For the final session of my course Images of the Devil (syllabus here), I decided to write out a more formal lecture, somewhat on the model of a conference paper, to summarize and push forward the primary themes of the course, both to provide “closure” for the students and to spur myself toward developing a research project along these lines. The text follows, and readers who were skeptical of having group presentations will note that the presentations were, by and large, a great success — we’ll see about the final group papers.
I would like to begin by thanking you all for participating in this class. I conceived of the course as a collaborative research seminar, and I think that we have succeeded in making it that. Your presentations have contributed significantly to the course content, and discussion has generally been as good as could be expected for such a large class and an awkwardly laid-out classroom. I believe you have all benefited from each other’s work, and I have benefited as well—this course has spurred my own thinking in significant and unexpected ways.
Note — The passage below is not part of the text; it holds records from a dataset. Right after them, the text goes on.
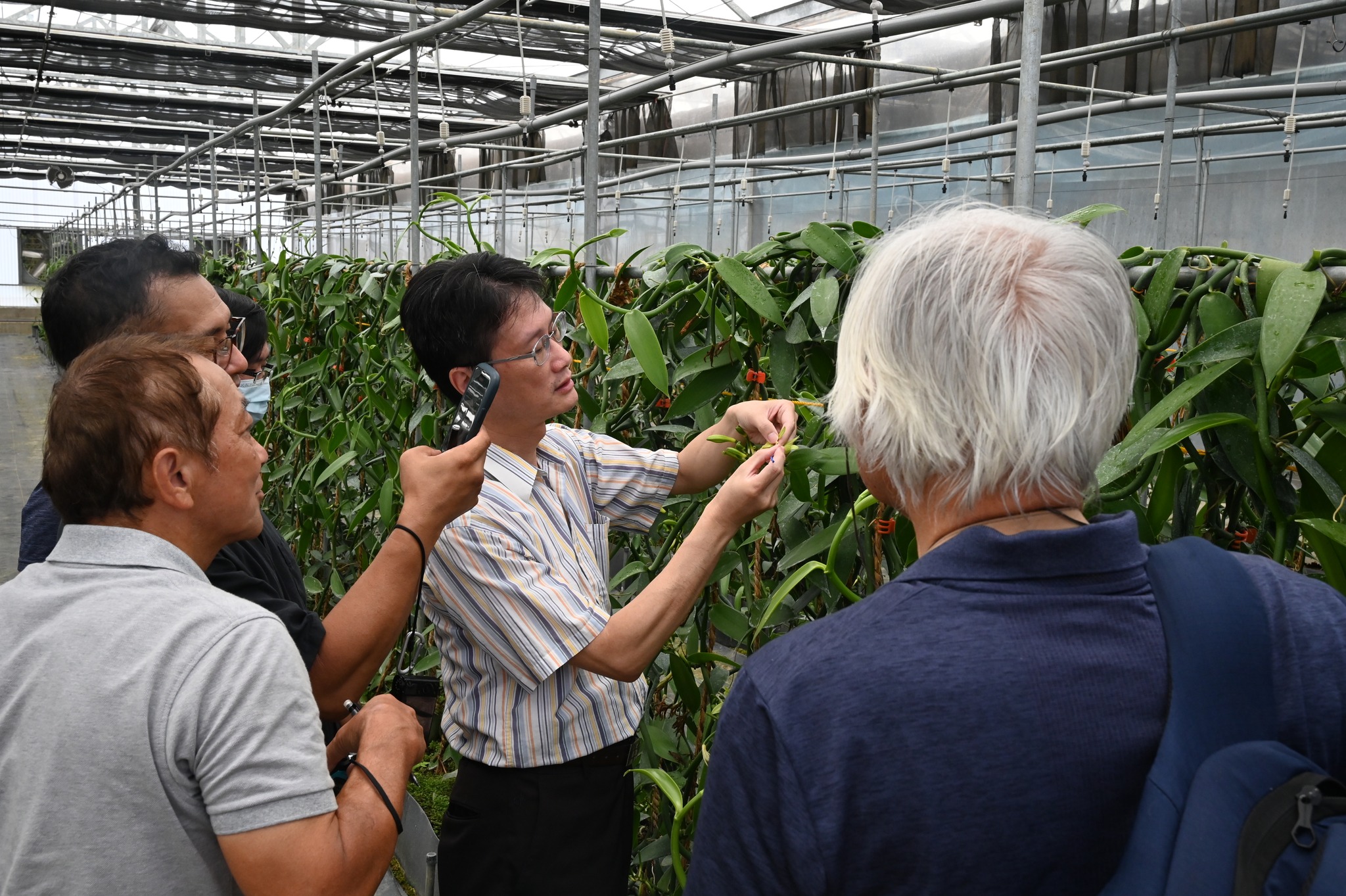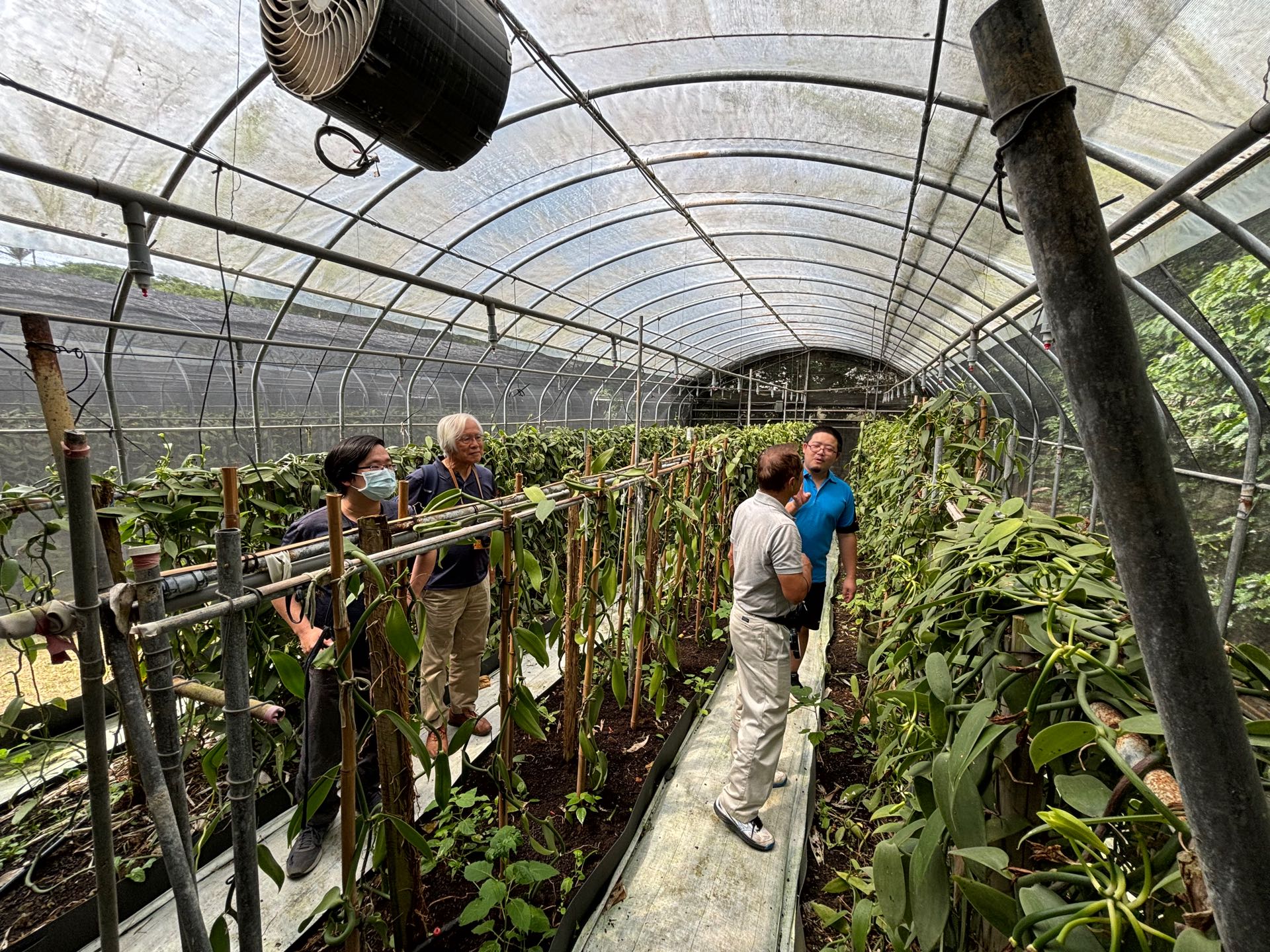 5月17日來自日本沖繩「沖繩美ら島基金會(Okinawa Churashima Foundation)」理事長花城良廣先生,率該機構研究人員一行3人至本場參訪,由本場郭坤峯場長親自接待,本場作物改良科及農業推廣科同仁一同列席交流。花城理事長此次來訪目的主要為參觀本場試驗農場之香莢蘭栽培場域及交流臺日香莢蘭產業發展合作事宜;去(112)年本場作物改良科葉志新副研究員率隊前往日本沖繩交流,受到該基金會熱情招待,今年則由日方透過本次來臺考察,加強彼此的交流。
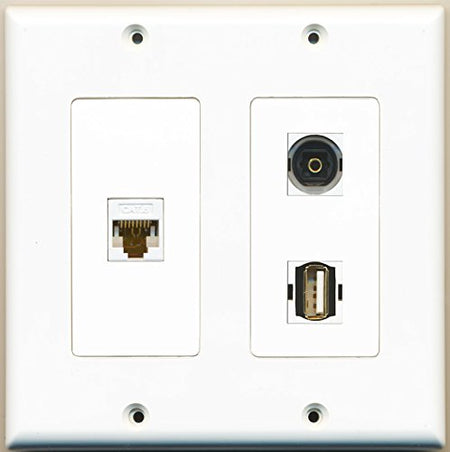 RiteAV - 1 Port USB A-A 1 Port Toslink 1 Port Cat6 Ethernet White - 2 Gang Wall Plate
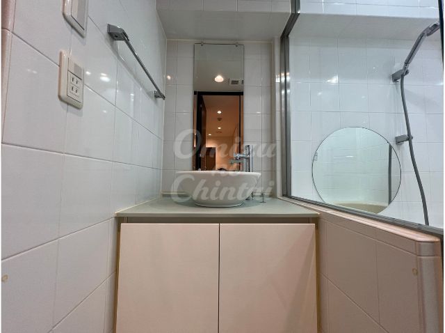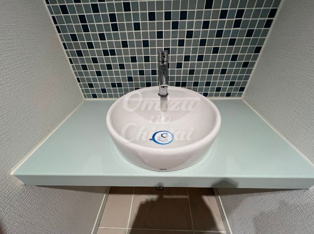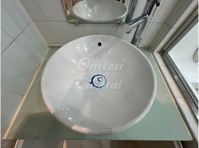 高級ホテルのようなベッセル式(置き型)の洗面ボウルを採用。
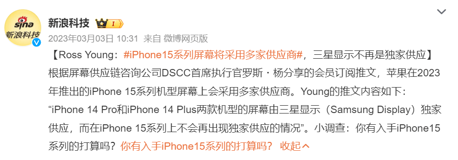 相较于华为小米,“屏幕混用”策略使用得最彻底的,还得是手机行业的龙头大哥——苹果。早在LCD屏幕年代,iPhone就已经开始玩“屏幕混用”这一套了,一款机型可以同时提供夏普、JDI、LG等等供应商的屏幕;iPhone13系列则是混入了三星、LG两家厂商的5款屏幕,而且屏幕素质还有所差别;而去年发布的iPhone15系列,也因为被曝“屏幕混用”登上了微博热搜。
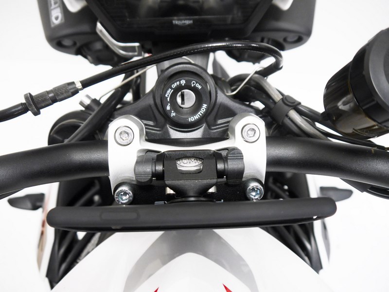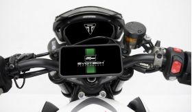 Features of EP SP Connect Compatible Sat Nav Mount for the Triumph Street Triple R Attaches directly to the handlebar centre clamp with no modification required SP Connect mounting point fully integrated to the bracket Wing screws allow screen angle to be altered Bracket CNC machined from lightweight aluminium Black powder coated for durability Online pictorial fitting instructions are found on this webpage What is a Motorcycle Phone Mount? Mounted via the handlebar centre clamp, the EP SP Connect Compatible Sat Nav Mount for the Triumph Street Triple R is visible in the rider's peripheral vision for easy sat nav guidance on the move. The SP Connect interface allows quick and easy access to your smartphone whilst the dual stage locking system confidently secures your phone to the motorbike. The simple to install smartphone GPS bracket comes with all required fixings included in the kit. Note: Our mounting bracket works in conjunction with SP micro stem mount alu #53122 and the anti vibration module #53135. SP Connect interface plate #53122, smartphone case, connection wire, and smartphone are not included.
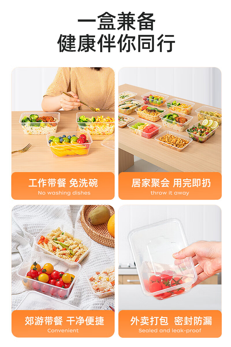• 商品名称:丽佳厨具 一次性饭盒长方形透明塑料快餐盒餐具300套装750ml 750ml/箱

What began as an attempt to follow up a strangely insistent sub-theme in my dissertation has moved closer toward a real research agenda, driven not only by the need to more clearly formulate my ideas for lectures and discussion, but also by your presentations and miscellaneous remarks in class (probably most often by remarks the students in question don’t even remember making). My goal for this paper presentation is simply to lay out my initial thoughts about how I might follow up on this class in my own scholarly work—but I hope it will be helpful in spurring your thinking as well, both for your final papers and beyond.
In the syllabus, I said that the course readings “trace a course from early Christianity to modern literature, attempting to find the theological roots of the modern tendency to view the devil as a fascinating and even heroic character—most famously in John Milton’s Paradise Lost.” Though we spent a significant amount of time in the biblical, patristic, and medieval eras, the real motivating question behind this course was about the modern era, a suspicion that understanding the strange fascination that the devil exerts on us might help to illuminate something about the modern West and about its relationship to its own past.